Retype exactly the lines of the listing below from the one with "ジャッジハウスは、こんなに立" through the last, both included, and leave every picture out.
Available data section start
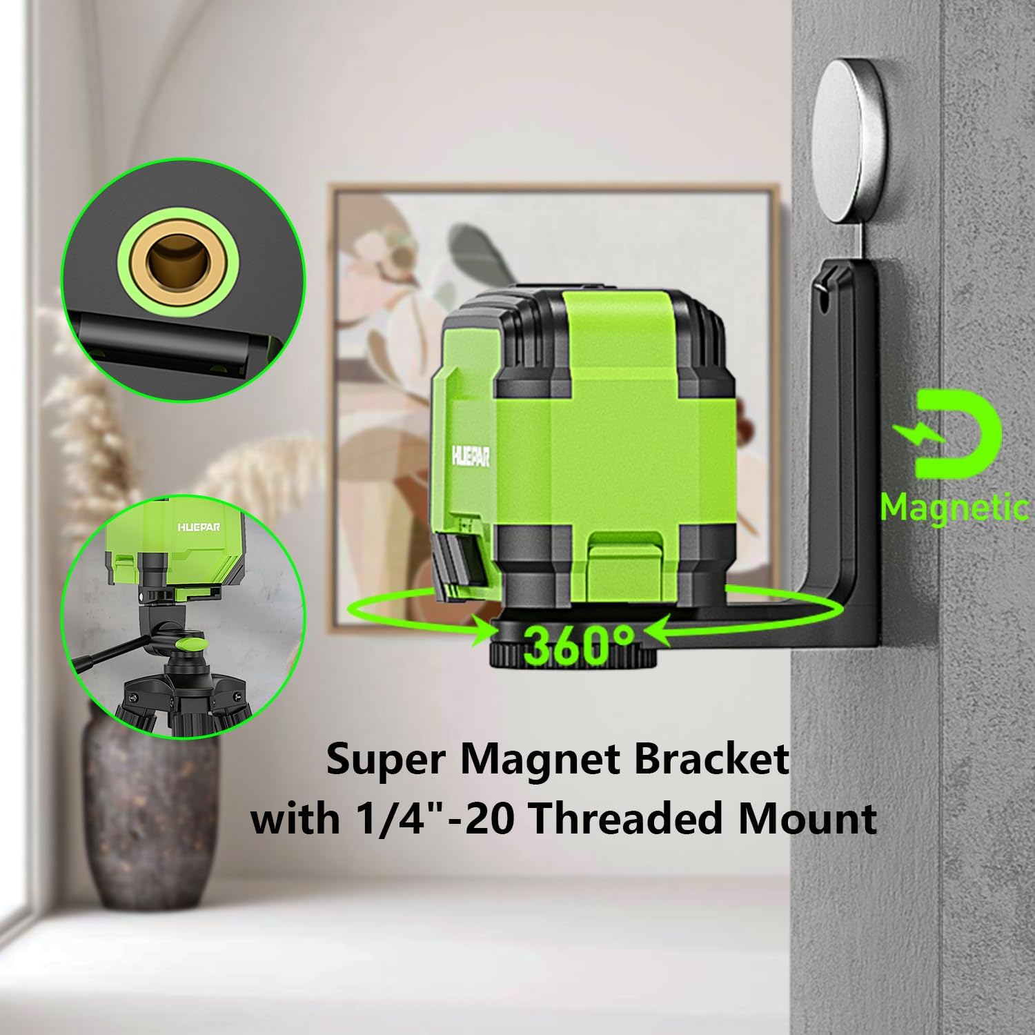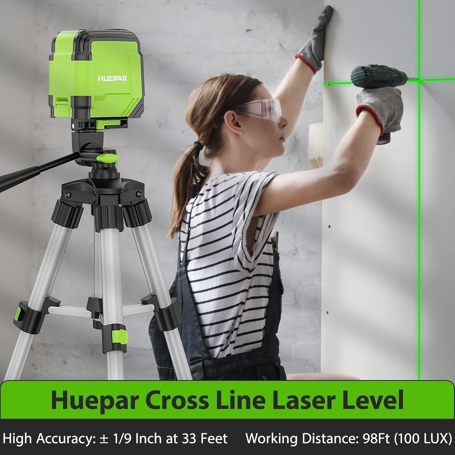 【Advanced Laser Technology & Exceptional Accuracy】Huepar laser level tool incorporates cutting-edge Osram green laser technology, delivering a bright and dependable beam. With ±1/9-inch accuracy at 33 feet, this lazer level ensures precise measurements. Its brightness and high accuracy make it a top choice laser level for picture hanging, construction indoor projects, DIY, and more. Plus, its working distance of up to 98 feet offers versatility for various jobs.
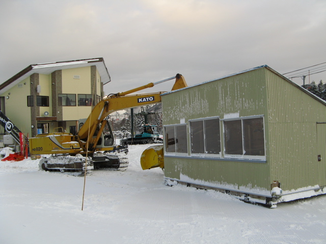ジャッジハウスは、こんなに立派な、、、ある意味なつかしい(旭川カムイのスクランブルUSAカップでは毎年レンタルしていました!)プレハブにをユンボで押して移動設置します!ちなみに、床底にはSkiみたいのがついていて、SXの大会や他のコースにも移動出来るようになってます。
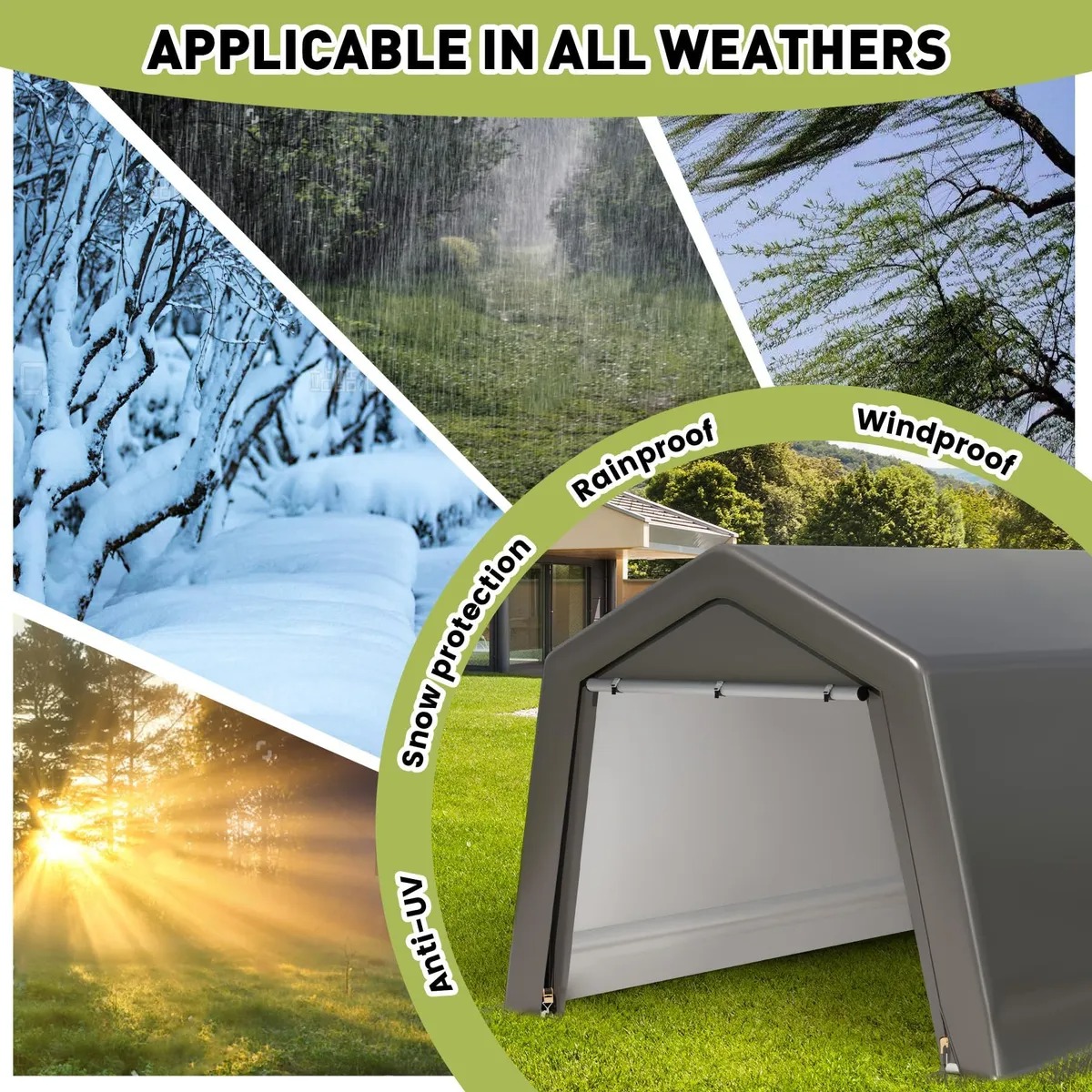 Puertas enrollables con cremallera: Nuestro cobertizo de almacenamiento al aire libre está fabricado por expertos en material de polietileno de alta calidad, proporcionando una excelente protección contra la lluvia y los dañinos rayos UV. Este diseño excepcional garantiza que tus pertenencias permanezcan seguras y secas, independientemente de las condiciones climáticas. Puedes confiar en que tus artículos estarán bien protegidos de los elementos, lo que permite un almacenamiento sin preocupaciones durante todas las estaciones.
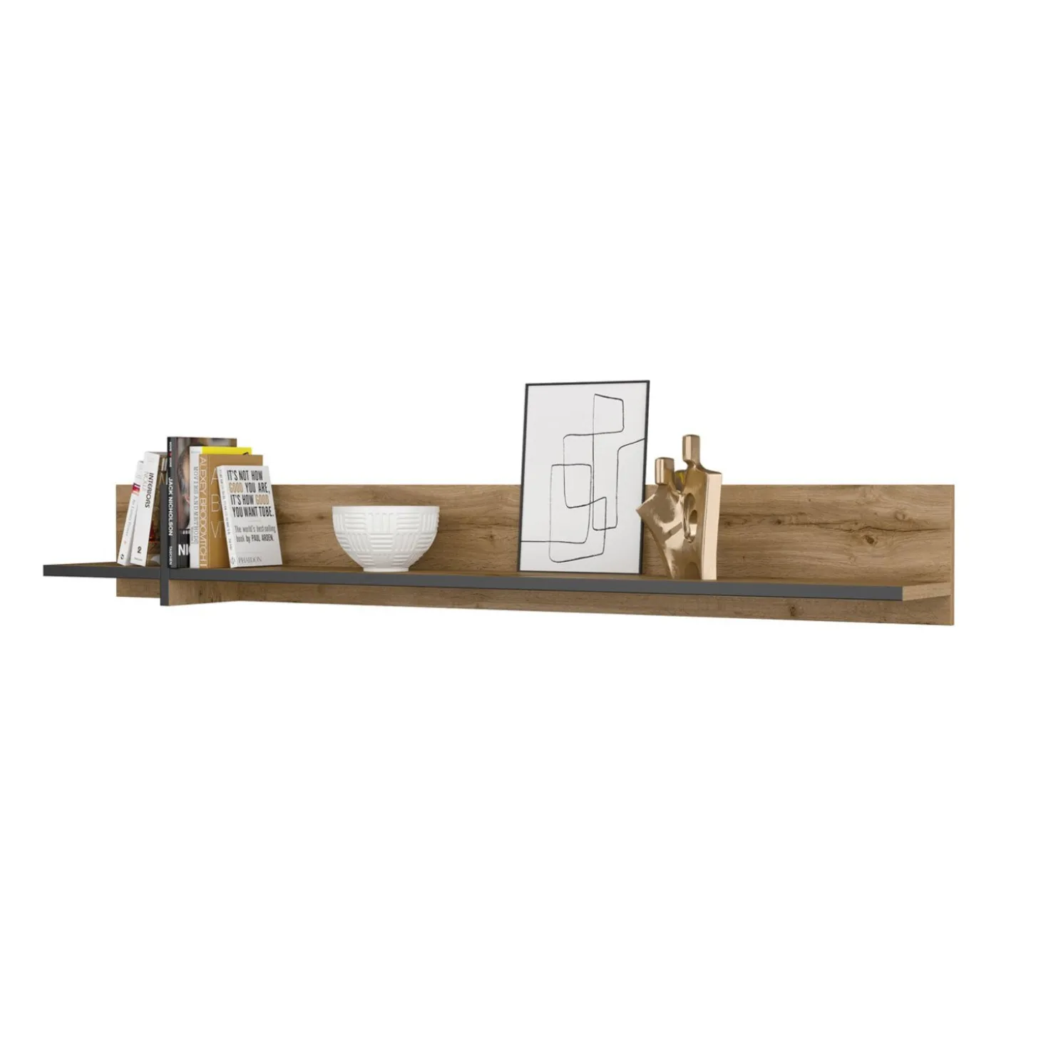 De wandplank Crotone heeft een strak en modern ontwerp met een minimalistische uitstraling. De combinatie van een lange plank en subtiele opstaande rand zorgt voor een praktische en stijlvolle plek om accessoires, boeken of decoratie neer te zetten.
Available data section end
- **Task result**
ジャッジハウスは、こんなに立派な、、、ある意味なつかしい(旭川カムイのスクランブルUSAカップでは毎年レンタルしていました!)プレハブにをユンボで押して移動設置します!ちなみに、床底にはSkiみたいのがついていて、SXの大会や他のコースにも移動出来るようになってます。
 Puertas enrollables con cremallera: Nuestro cobertizo de almacenamiento al aire libre está fabricado por expertos en material de polietileno de alta calidad, proporcionando una excelente protección contra la lluvia y los dañinos rayos UV. Este diseño excepcional garantiza que tus pertenencias permanezcan seguras y secas, independientemente de las condiciones climáticas. Puedes confiar en que tus artículos estarán bien protegidos de los elementos, lo que permite un almacenamiento sin preocupaciones durante todas las estaciones.
 De wandplank Crotone heeft een strak en modern ontwerp met een minimalistische uitstraling. De combinatie van een lange plank en subtiele opstaande rand zorgt voor een praktische en stijlvolle plek om accessoires, boeken of decoratie neer te zetten.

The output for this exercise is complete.